The algorithm runs in linear time, and while this process of comparison may take a long time for large texts like Holinshed's Chronicles (it takes about 200 ms to match one paragraph and Holinshed's Chronicles consist of roughly 20,000 paragraphs), but this initial comparison only needs to be run once. Comparisons made in the frontend web interface use the same technique but are only comparing a single item to all the others and so is much quicker than the initial comparison which looks at all the items in one edition compared to all the items in the other. This approach certainly works well for paragraph-like chunks of text, however it may lose its efficiency if used for much smaller textual components such as individual words which will have many matches.
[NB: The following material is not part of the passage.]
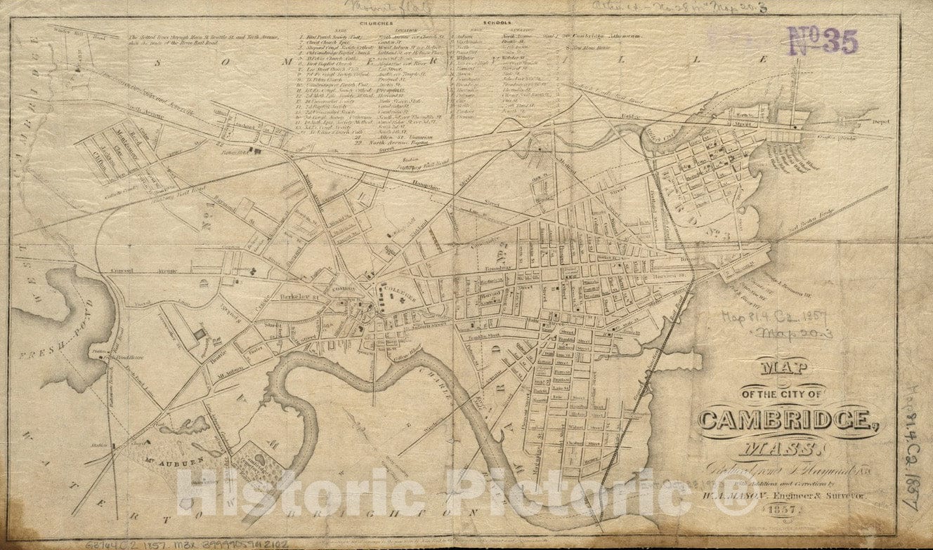 • .Historical Map, Map of the city of Cambridge, Mass : reduced from J. Hayward's 1838 : with additions and corrections, Vintage Wall Art

A first evaluation where we compared the revised set of matches (created by the projects main research assistant using the TEI-Comparator) to the initial comparison proposed by the TEI-Comparator shows that the comparison worked quite well. In the configuration used, the ShingleCloud algorithm achieved a recall of 92% and a precision of 98%.
To perform an initial comparison run:
initial-comparison.sh [inputFile1] [inputFile2] [outputFile]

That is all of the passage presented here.